Trade-off between embedding computation time and potential cache hit benefits
Vector search performance depends on database size and optimization
Memory footprint grows with both cached responses and their vector representations
System may require batch maintenance operations that impact performance

Implementation

To implement Semantic Caching effectively:

Select an embedding model: Choose a model appropriate for your domain, balancing quality and performance. Sentence transformers or similar models designed for semantic similarity are good choices.
Configure vector similarity metrics: Determine whether to use cosine similarity, Euclidean distance, or other metrics based on your embedding space characteristics.
Establish threshold policies: Set initial similarity thresholds conservatively and refine based on performance data. Different query categories may require different thresholds.
Implement a layered approach:
- First check for exact matches (traditional cache)
- Then check for high-confidence semantic matches
- Finally fallback to LLM processing
Design for cache maintenance:
- Implement time-based expiration for domains with changing information
- Create pruning strategies for least-recently or least-frequently used entries
- Consider periodic re-embedding if embedding models are updated
Monitor and measure:
- Track semantic hit rates separately from exact matches
- Measure false positive rates (inappropriate matches)
- Evaluate latency improvements and cost savings
Handle edge cases:
- Develop strategies for queries containing time-sensitive elements
- Create bypass mechanisms for queries requiring fresh information
- Implement user feedback loops to identify problematic cache hits

Code Examples

To do...

Variations

Hybrid Exact-Semantic Caching: Combines traditional exact-match caching with semantic caching to get the best of both worlds - the speed of exact matching when available and the flexibility of semantic matching when needed.

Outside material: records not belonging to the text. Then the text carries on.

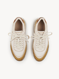 Rooted in the Maison's commitment to sustainability, these eco-designed Nama sneakers are crafted from smooth and suede cowhide and a mix of lower-impact materials. Set on a chunky, ridged sole, the ultra-comfortable, lightweight structure features a hand-stitched mesh upper, finished with the signature Chloe logo on the back and tongue. PRODUCT DETAILS Sneaker heel height: 2" (5 cm) Heel-to-toe drop: 0.8" (2 cm) Upper 1: cowhide Upper 2: suede cowhide Upper 3: polyester Upper 4: polyester Inner sole: ethylene vinyl acetate Main lining: 95% polyester, 5% elastane Secondary lining: calfskin Sole: 50% ethylene vinyl acetate, 50% rubber Heel: 50% acrylonitrile butadiene styrene, 50% sheepskin Fit true to size, European sizing - Lace-up To make this product, Chloe worked with Leather Working Group (LWG) certified leather manufacturers. LWG certifies tanneries based on their water and energy usage, management of chemicals, solid waste, and wastewater. Color: Autumnal Brown Item code: CHC24A00RMS211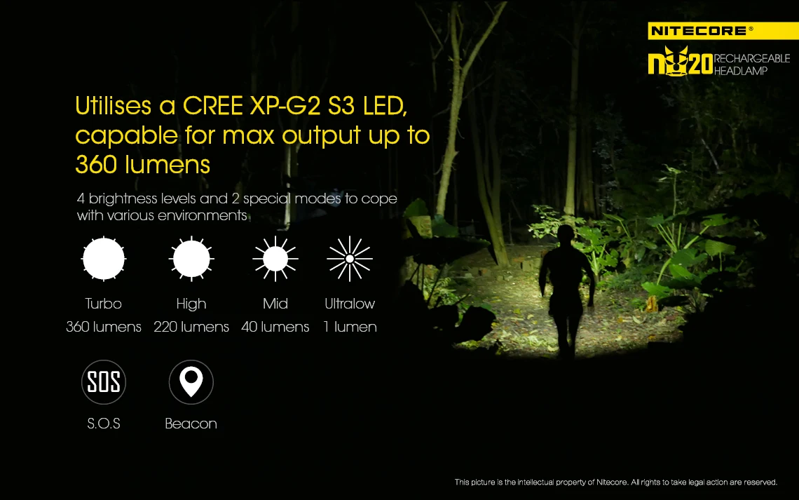 · NU20: оснащен светодисветодиодный CREE XP-G2 S3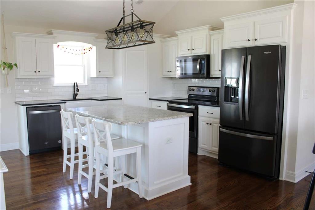 Welcome to 1206 Viola St, a light-filled, thoughtfully upgraded home in Smithville’s Wildflower subdivision. Step inside, and the open layout draws you into a space that feels effortlessly cozy and yet modern. The kitchen is the heart of it all with white custom cabinets, granite countertops, a farmhouse sink, tile backsplash, a kitchen island with seating, a generous pantry, and black stainless Whirlpool appliances. Rich hardwood runs through the main living areas, anchored by a fireplace with a custom white tile surround and mantle. Step onto the covered deck, fitted with a ceiling fan overhead and an open sky beyond. Wake up to sunrise views over farmland, watch the seasons change across a working farm, and end your evenings under sunsets that have to be seen to be believed. No rear neighbors. Just open sky. Each upstairs bedroom features a tray ceiling and a ceiling fan. The primary suite includes two windows, a walk-in closet with built-in shelving, and a private en suite with a double granite vanity and subway tile shower. A full hall bath with subway tile tub surround and granite vanity serves the main level. The finished lower level expands your living space with a large living room, a fourth bedroom with an egress window, a closet, and direct access to a half bath, and a built-in mudroom nook off the garage entrance. The under-stair storage room holds 27 full-sized bins, giving you plenty of storage space. The oversized 2-car garage provides direct access to the lower level. At 1,808 sq ft on a 0.36-acre lot, this home is walkable to Eagle Heights Elementary and sits in the highly regarded Smithville school district, all with no HOA. Beyond the neighborhood, you're minutes from Smithville Lake and its 60+ miles of scenic trails. Built in 2018 with custom finishes throughout, this kind of home won’t last long. Built in 2018 with custom finishes throughout, this kind of home won’t last long. Refrigerator does not convey.

Hierarchical Similarity Thresholds: Implements multiple tiers of similarity thresholds with different confidence levels, potentially requiring human verification for lower-confidence matches.

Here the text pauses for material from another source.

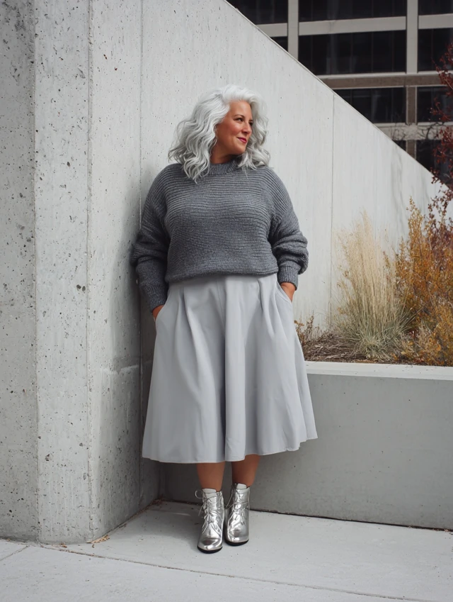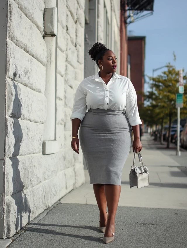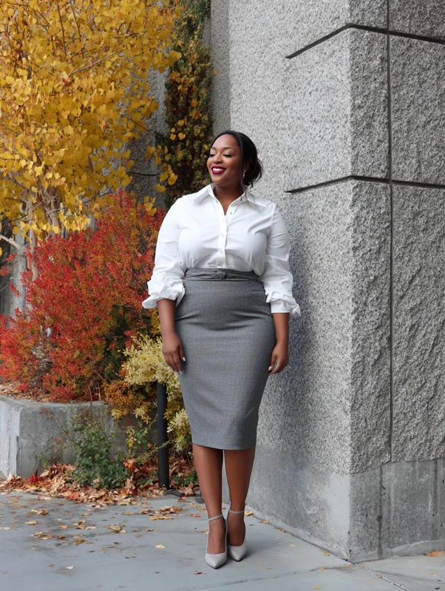 Grey Skirt Outfits for Plus-Size Women: Chic, Neutral & Effortless

Query Normalization: Pre-processes queries to normalize formatting, spelling, and structure before embedding to improve match likelihood.

Context-Aware Caching: Incorporates conversation context or user profile information as part of the cache key to provide personalized cached responses.

Generative Cache Augmentation: Instead of directly returning cached responses, uses them as context for a lightweight model to generate tailored responses, blending caching with generation.

Real-World Examples

Customer Support Systems: Support platforms use semantic caching to quickly retrieve answers to common questions phrased in various ways, reducing response time and agent workload.
Enterprise Search Applications: Knowledge management systems implement semantic caching to speed up frequently searched concepts across different syntactic formulations.
AI Assistants: Virtual assistants employ semantic caching to maintain responsiveness when handling repetitive queries about weather, factual information, or recommendations.
Educational Platforms: Learning systems cache explanations and examples for similar educational queries, ensuring consistent quality while reducing processing requirements.

Related Patterns

Retrieval-Augmented Generation (RAG): Often combined with Semantic Caching, where cache misses trigger retrieval operations and the results are then cached for future similar queries.
Complexity-Based Routing: Works alongside Semantic Caching, where simple queries might be served from cache while complex ones go to more powerful models.
Fallback Chains: Semantic Caching can be implemented as the first step in a fallback chain, with LLM processing as a fallback when cache misses occur.
Episodic Memory: Complements Semantic Caching by maintaining conversation history that can inform cache matching decisions with additional context.
Dynamic Prompt Engineering: Can be applied to cache misses, optimizing the prompt before sending it to the underlying model.